• **TASK STATEMENT**
Only one span of the material below is wanted. Output it exactly, from the line with "Ключ для обработки" through the line with "副教授赵虎老师带领2022级", without any pictures.

• **INPUT RECORDS**

•••

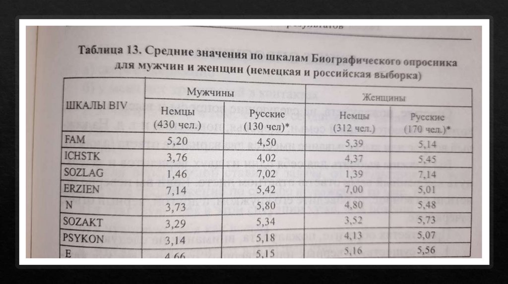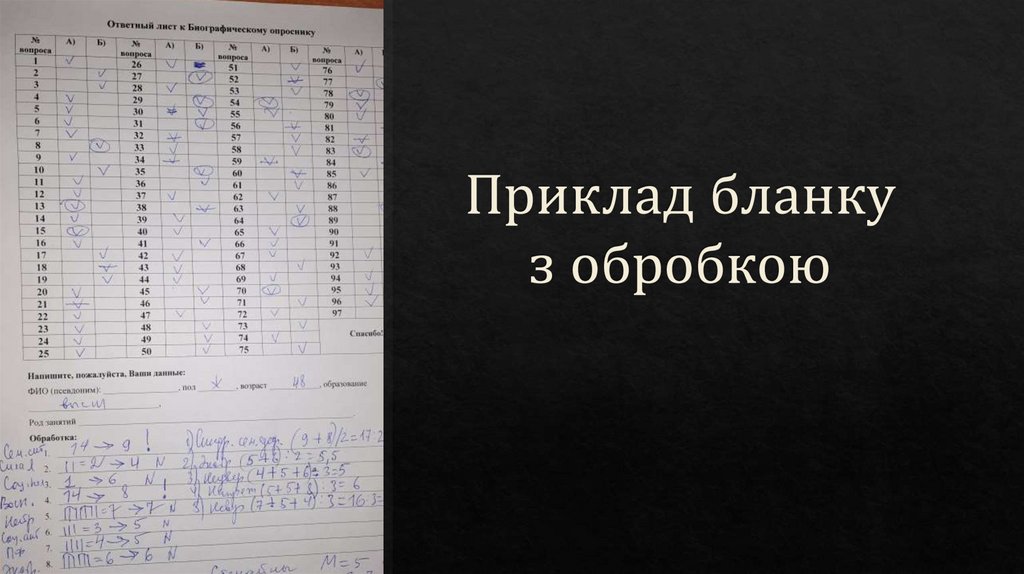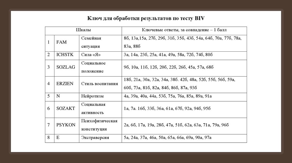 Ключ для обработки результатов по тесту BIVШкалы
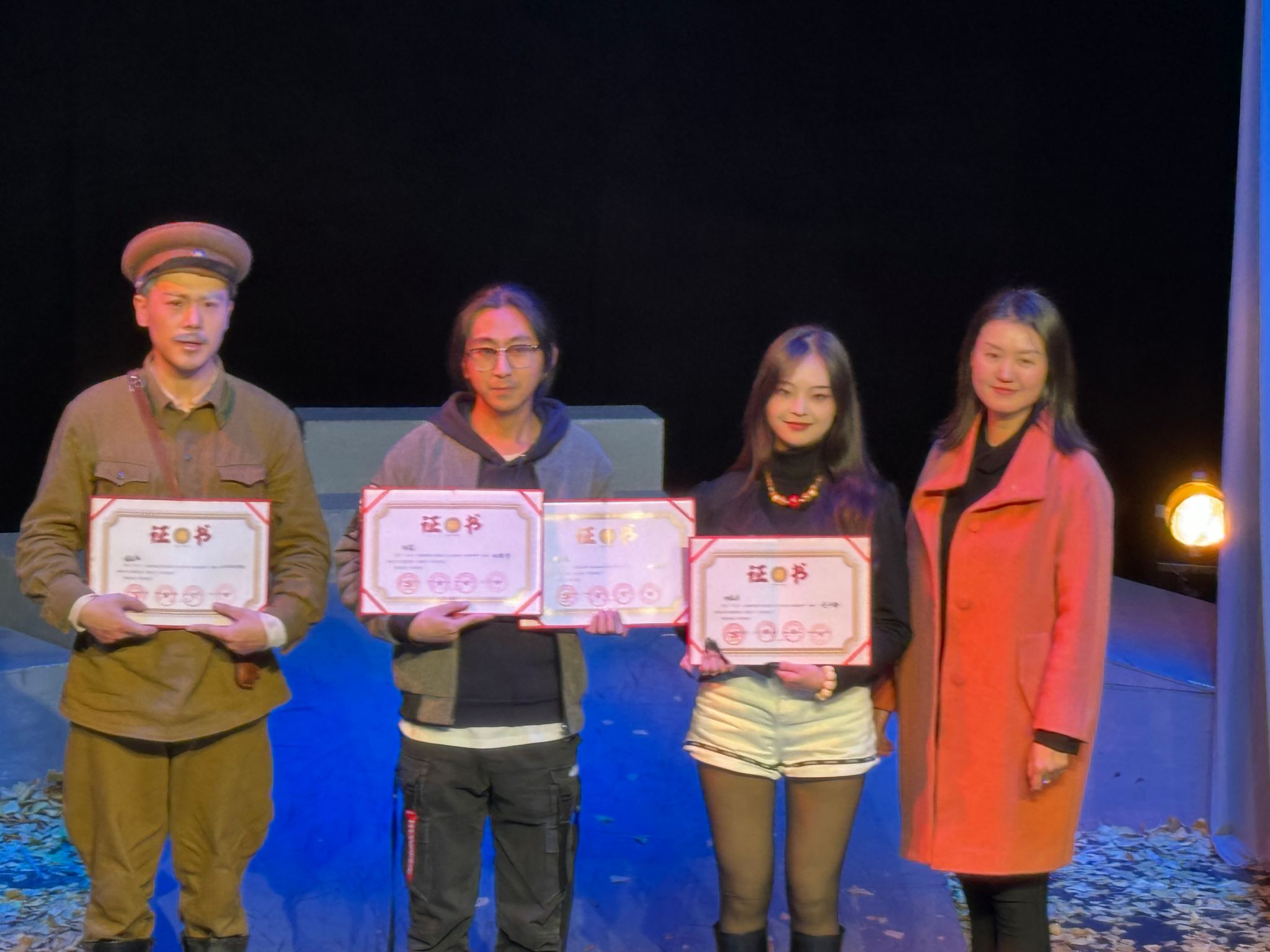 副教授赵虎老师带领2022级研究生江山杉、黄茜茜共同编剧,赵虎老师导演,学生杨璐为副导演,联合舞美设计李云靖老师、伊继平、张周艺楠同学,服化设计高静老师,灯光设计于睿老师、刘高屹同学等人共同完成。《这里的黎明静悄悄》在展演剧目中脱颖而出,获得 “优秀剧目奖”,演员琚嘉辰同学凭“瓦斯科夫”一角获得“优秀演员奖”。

•••

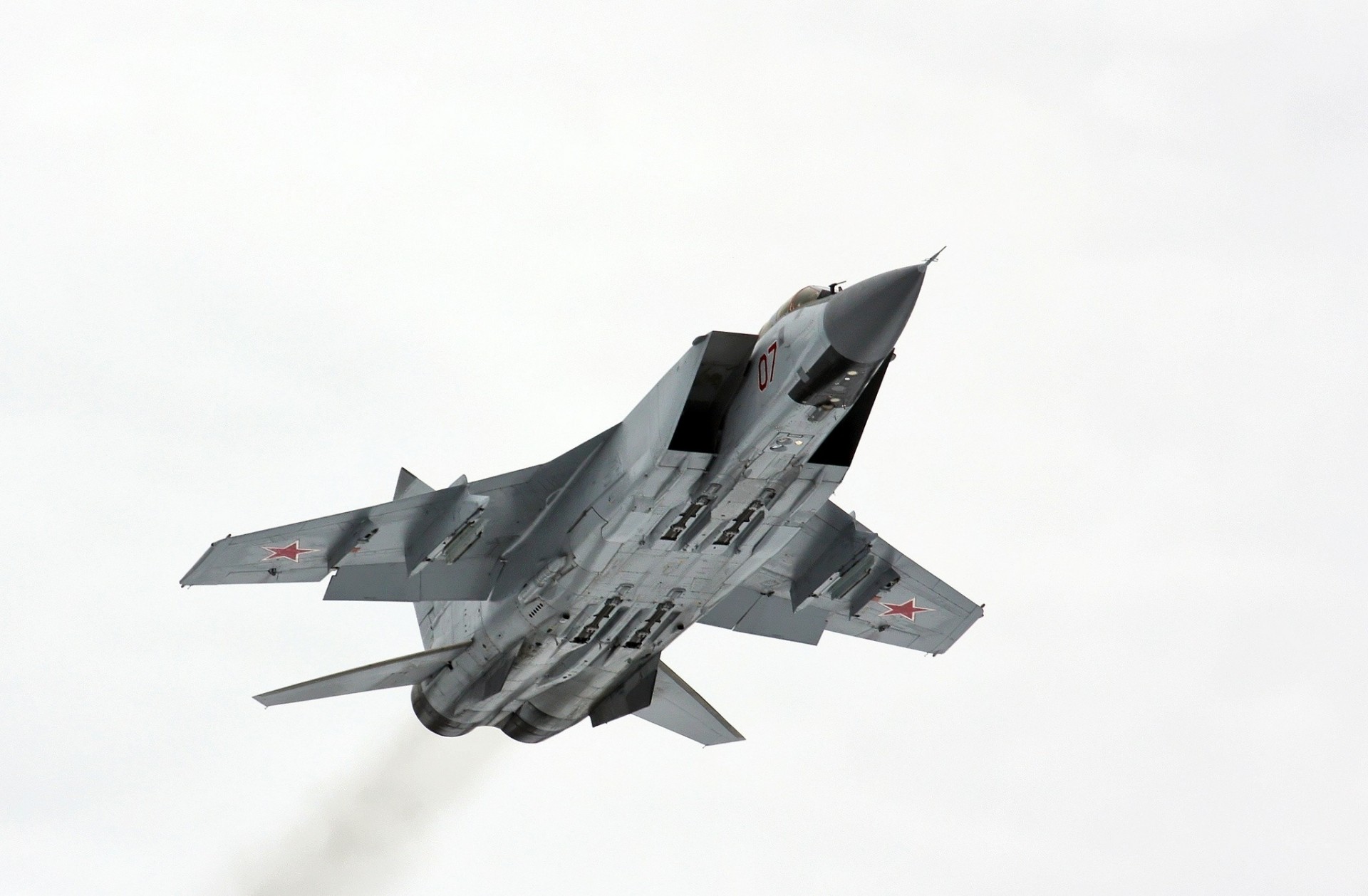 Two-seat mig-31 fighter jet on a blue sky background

•••

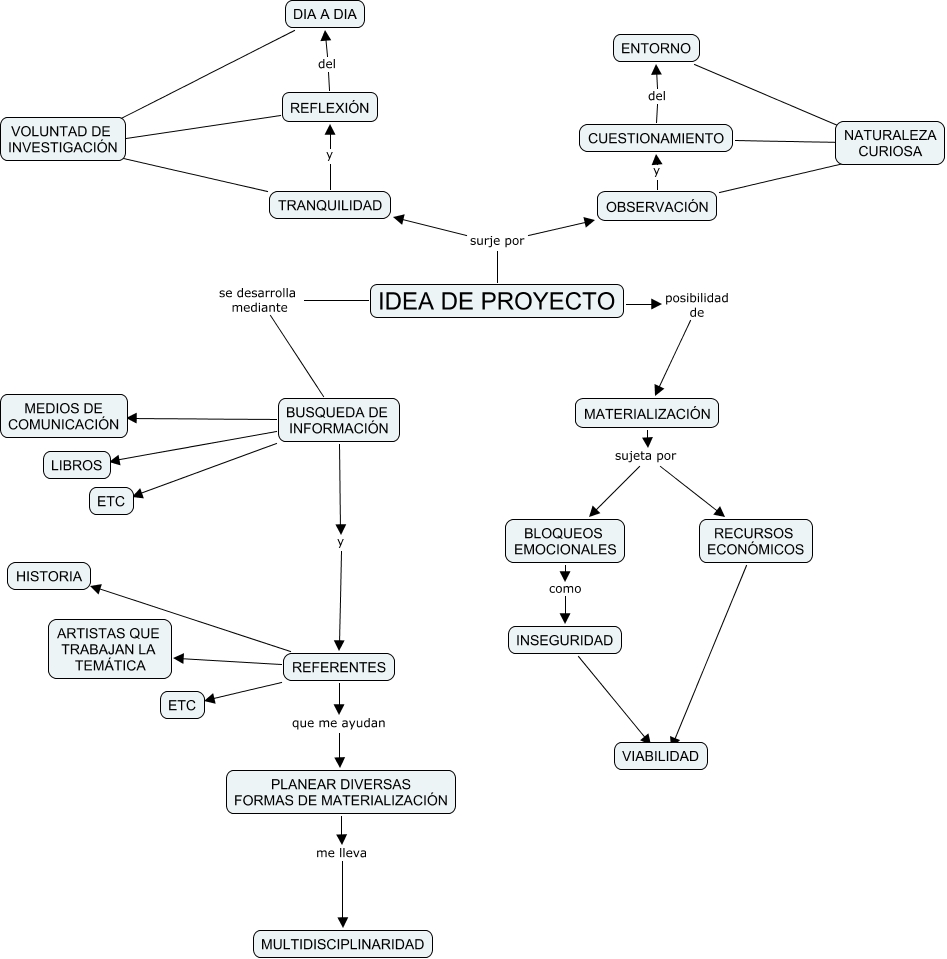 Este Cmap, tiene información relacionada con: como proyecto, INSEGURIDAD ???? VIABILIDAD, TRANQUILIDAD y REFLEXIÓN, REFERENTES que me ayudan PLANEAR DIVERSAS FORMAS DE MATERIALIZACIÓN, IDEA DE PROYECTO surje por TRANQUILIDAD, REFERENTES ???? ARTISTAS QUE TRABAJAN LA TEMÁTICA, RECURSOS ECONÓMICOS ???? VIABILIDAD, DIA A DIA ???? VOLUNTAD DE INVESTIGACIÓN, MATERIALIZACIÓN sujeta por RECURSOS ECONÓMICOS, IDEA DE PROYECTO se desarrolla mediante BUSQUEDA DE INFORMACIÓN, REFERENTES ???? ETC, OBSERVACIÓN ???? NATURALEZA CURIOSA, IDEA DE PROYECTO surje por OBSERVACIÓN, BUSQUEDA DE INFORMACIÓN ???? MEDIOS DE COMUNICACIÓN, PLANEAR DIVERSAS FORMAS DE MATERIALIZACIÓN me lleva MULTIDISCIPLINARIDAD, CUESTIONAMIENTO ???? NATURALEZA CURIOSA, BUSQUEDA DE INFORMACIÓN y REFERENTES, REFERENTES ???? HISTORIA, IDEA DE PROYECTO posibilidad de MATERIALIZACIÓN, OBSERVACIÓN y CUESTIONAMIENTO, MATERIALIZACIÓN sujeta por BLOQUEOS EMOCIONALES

•••

• **TASK RESULT**
 Ключ для обработки результатов по тесту BIVШкалы
 副教授赵虎老师带领2022级研究生江山杉、黄茜茜共同编剧,赵虎老师导演,学生杨璐为副导演,联合舞美设计李云靖老师、伊继平、张周艺楠同学,服化设计高静老师,灯光设计于睿老师、刘高屹同学等人共同完成。《这里的黎明静悄悄》在展演剧目中脱颖而出,获得 “优秀剧目奖”,演员琚嘉辰同学凭“瓦斯科夫”一角获得“优秀演员奖”。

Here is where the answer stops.